By separating the attributes in this way I was able to build a large set of data that could then be used for testing. Prior to creating the model, I made a baseline prediction for the data. What I did was take index 1:end for the dataset and assign the previous line's crossing value as the predicted value. I then found the mean squared error between the prediction and validation data. I ended up with an error of around 47.5%. This is a very large value.

After tweaking the dataset, I settled on the structure described previously. With this data in hand I split the data into a training set and a test set. These were then run through the Random Forest Classifier with the number of estimators set to 500, the minimum samples required to split was 100, and the minimum samples required at a leaf was 50. I found these values through trial and error. I considered writing an Evolutionary Algorithm or Particle Swarm Optimization Algorithm if I could not get past an 11% error, but by modifying my dataset I got past the bottleneck and with some individual tweaking of the parameters I further decreased the error.

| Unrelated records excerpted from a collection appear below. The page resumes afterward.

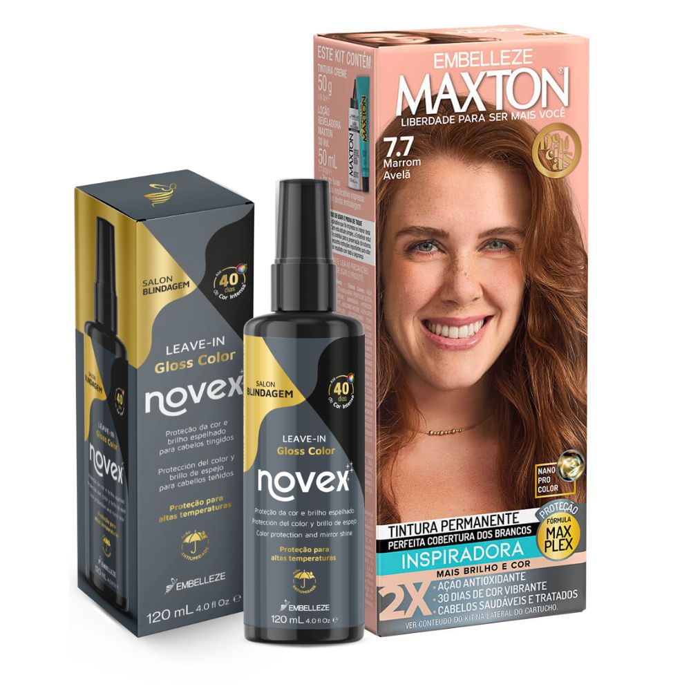 Leave-In Novex Blindagem Gloss Color 120ML São diversos benefícios para os seus fios, como o efeito gloss, hidratação intensa, proteção UV e proteção térmica. Além desses benefícios, ainda podemos destacar o toque leve no cabelo, não deixando a sensação de peso, o que contribui diretamente para manter seus cabelos alinhados. Tinta de Cabelo Maxton Delícias Marrom Avelã 7.7 2X Mais brilho e cor para você Ação Antioxidante 30 Dias de cor Vibrante Cabelões saudáveis e Tratados
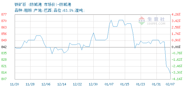 铁矿石(巴) • 防城港报价图
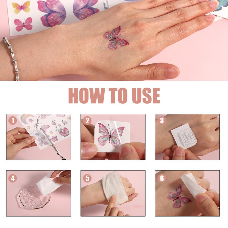 - Package Content: You will receive 14 sheets of glitter butterfly tattoos in over 100 styles, all kinds of butterflies, flowers, fairy, bubbles and angel wings elements are very popular with girls of all ages. Brilliant colors provide a lot of fun for children and adults at various parties.
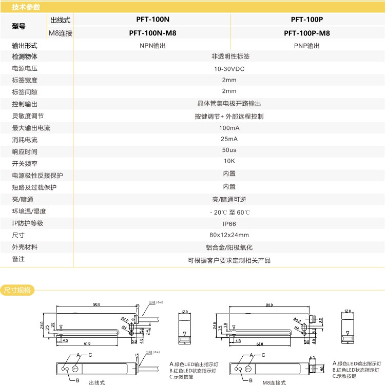 ECOTTER 光電標(biāo)簽傳感器 PFT-100系列 可以高速檢測標(biāo)簽達(dá)10Khz,常開常閉可切換,常開是檢測到標(biāo)簽輸出信號,檢測到間隙停止信號;常閉是檢測到間隙輸出信號,長按設(shè)置鍵8秒切換。
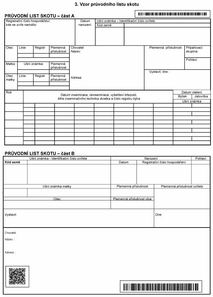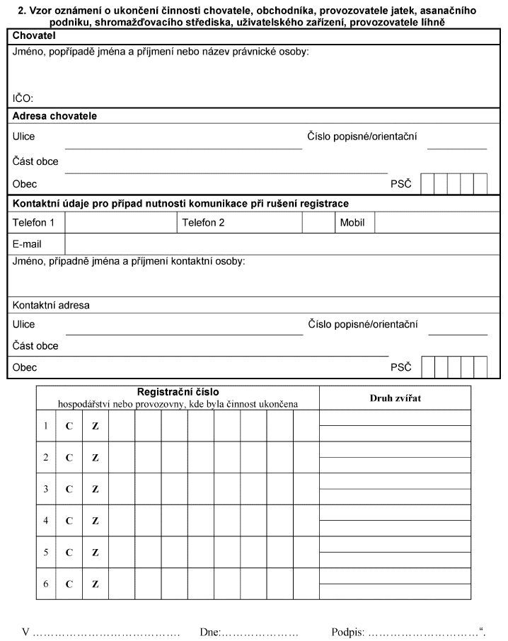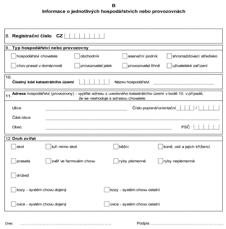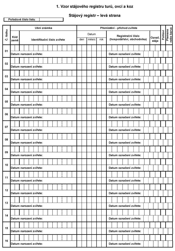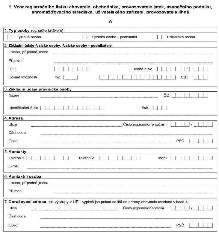 1. Vzor registračního lístku chovatele, obchodníka, provozovatele jatek,
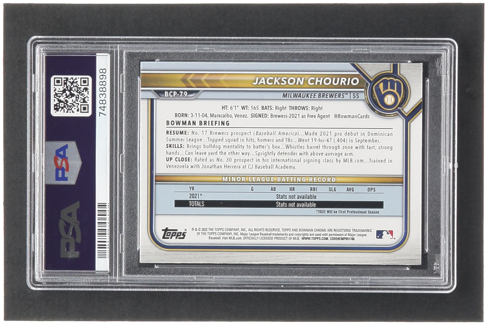 Jackson Chourio Signed 2022 Bowman Chrome Prospects #BCP79 (PSA)
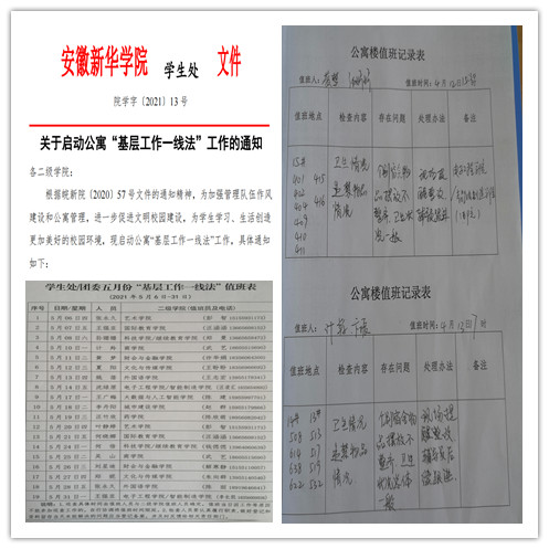 本网讯(通讯员:黄梦)为进一步强化beat365网登学生管理队伍建设,夯实学生管理工作基石,深入落实院学字【2021】13号文件《关于启动公寓“基层工作一线法”工作的通知 》,为学生学习、生活创造更好的校园环境,4月以来,学生处联合各二级学院开展公寓“基层工作一线法”工作。
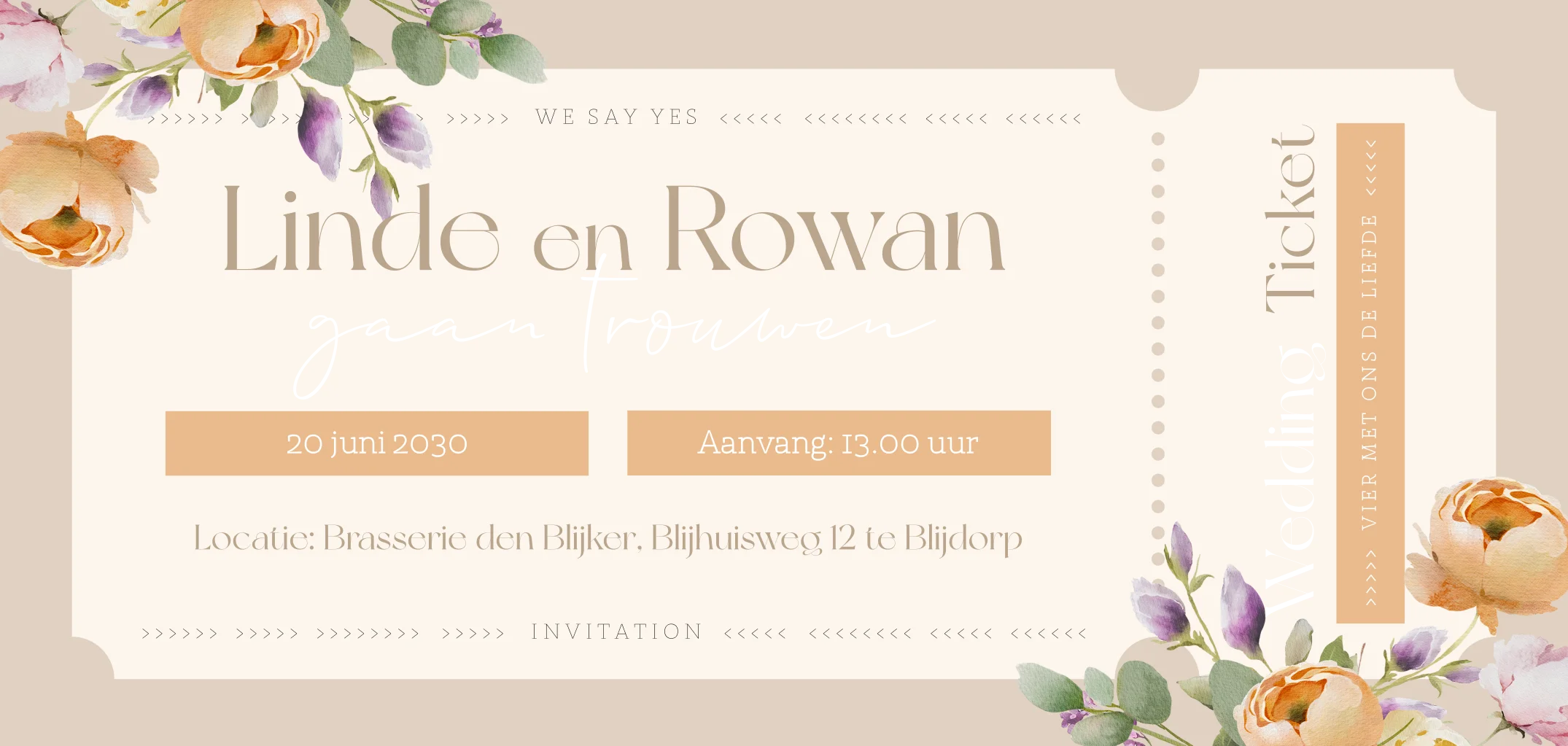 Op zoek naar een unieke trouwkaart voor jullie bruiloft? Deze trouwkaart als ticket is opvallend en origineel. De ticketstijl huwelijksuitnodiging heeft warme zachte kleuren met een beige kader en kleurrijke bloemen. De goudfolie maakt deze trendy en romantische trouwuitnodiging helemaal af en voorziet het van een luxe tintje. Pas naar eigen wens de kleuren en lettertypes aan in onze online editor. Hulp nodig? Ons team helpt je graag!
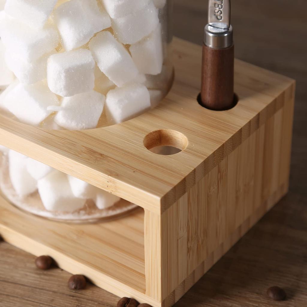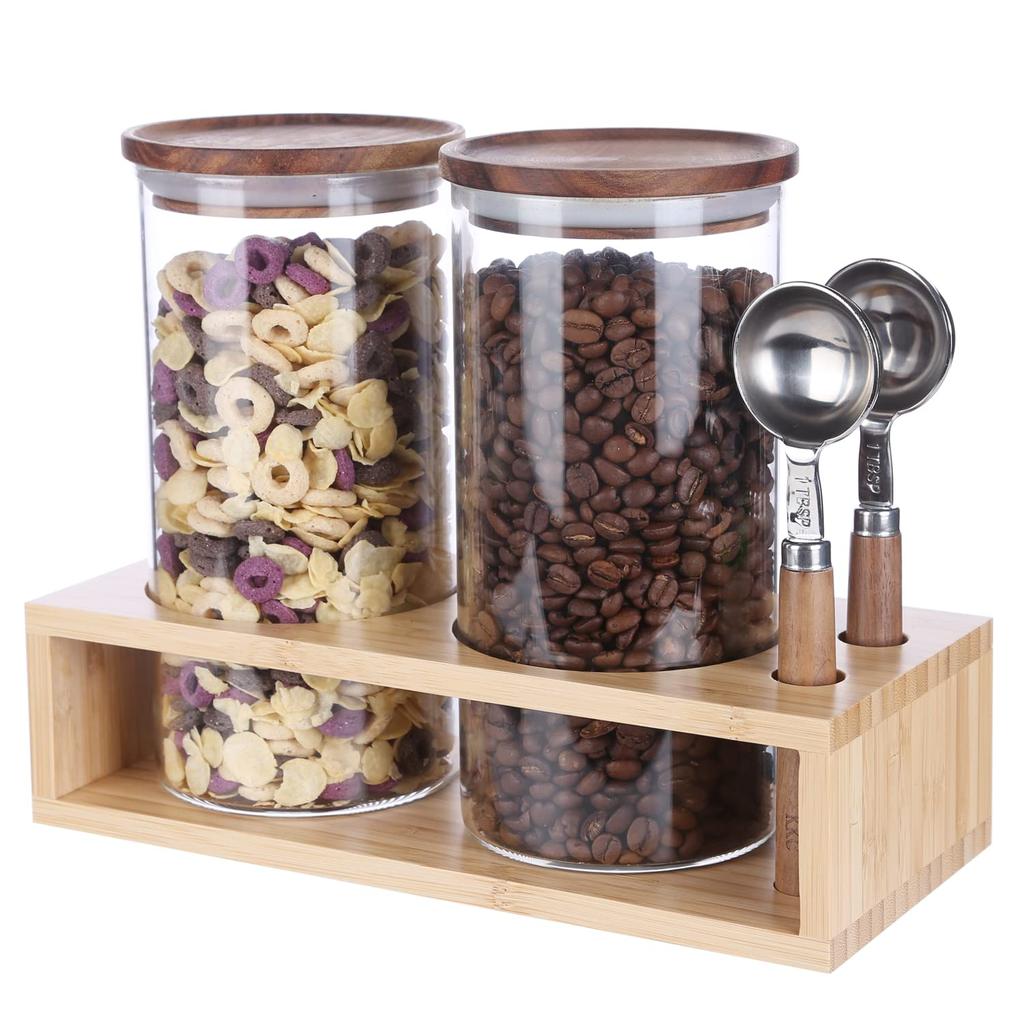 [Полезен в различных сценах] Полностью прозрачен и имеет простой дизайн, который можно использовать различными способами.. Вы можете хранить не только кофейные зерна, орехи, сахар, чай, травы, специи и т. д., но также аксессуары, текстильные изделия и т. д.. Он аккуратно организует увеличивающееся количество мелких предметов.. Если закрыть деревянную крышку (с силиконовой прокладкой) плотно закрывается, идеально подходит для хранения.
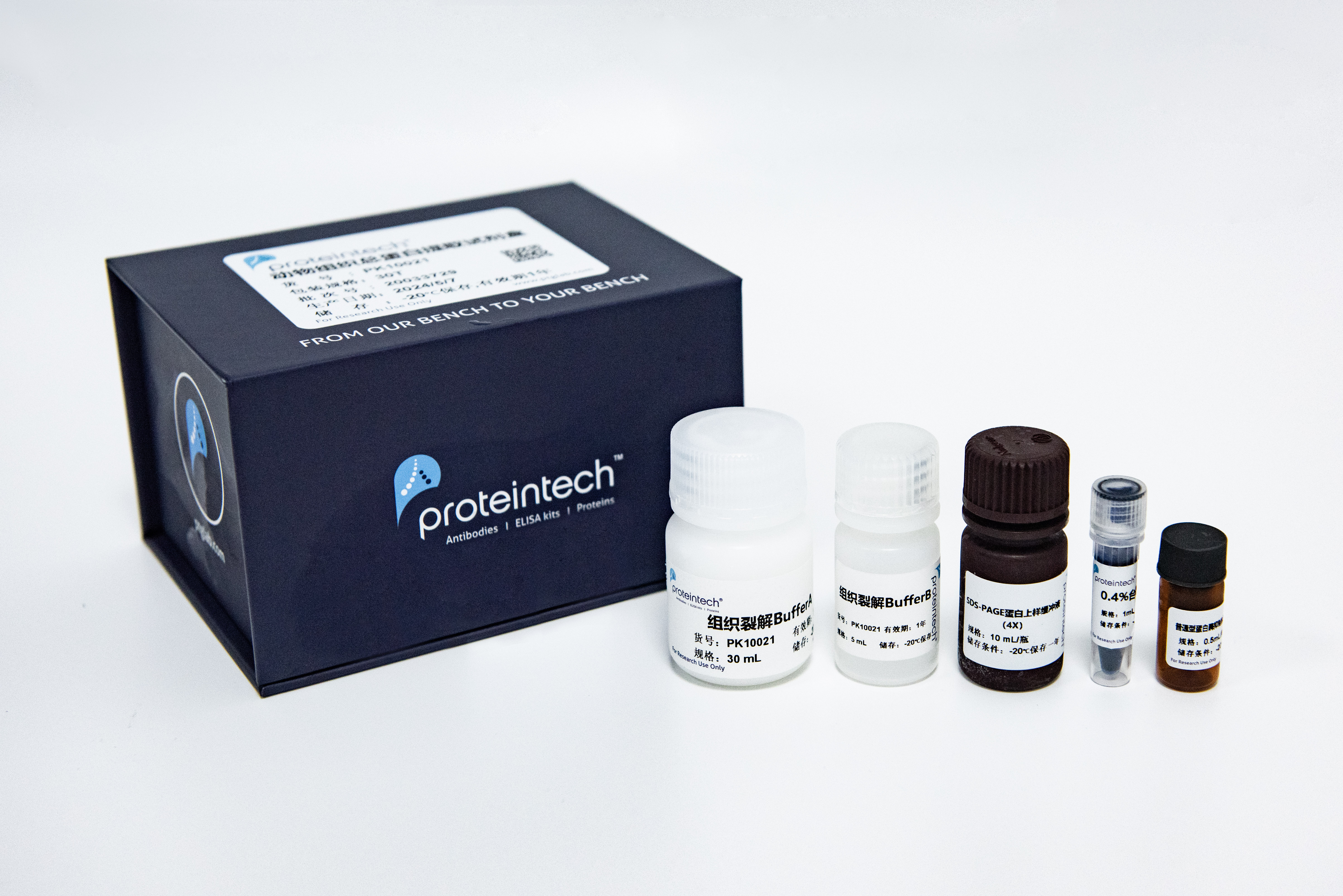 Proteintech动物组织总蛋白提取试剂盒适用于从新鲜或冻存的动物组织(无脊椎动物和脊椎动物)中提取总蛋白。此款试剂盒配有两款裂解强度的裂解液,能够高效的提取细胞总蛋白,主要包括细胞质、细胞膜、细胞核、核基质、线粒体、内质网、高尔基体等蛋白。其中,组织裂解BufferA试剂基于变性去垢剂来制备裂解液,推荐用于SDS-PAGE,免疫印迹等实验;组织裂解BufferB试剂基于非变性去垢剂来制备裂解液,与多数下游检测(包括蛋白免疫印迹、免疫沉淀、ELISA检测,蛋白质分析等)兼容。试剂盒中还含有蛋白酶抑制剂混合物,能有效阻止蛋白酶对蛋白的降解,保护目标蛋白完整性。

Using a window size of 10, the 20 run average error was 2.17%, which is around 22 times smaller than the baseline prediction of 47.8%. Overall, I found that the dataset structure had the most impact on the results. I was getting anywhere between 40% error and 11% error before I settled on my current structure. With the current structure I was getting between 5% and 2.17% error. Fine tuning the minimum samples needed to be at a leaf node, and the minimum samples needed to split a node helped reduce the error down to its current value of 2.17%. I would like to restate that I believe that the model result is highly dependent on the input data. I look forward to tweaking the model and data further to see if I can improve my result of 2.17% error.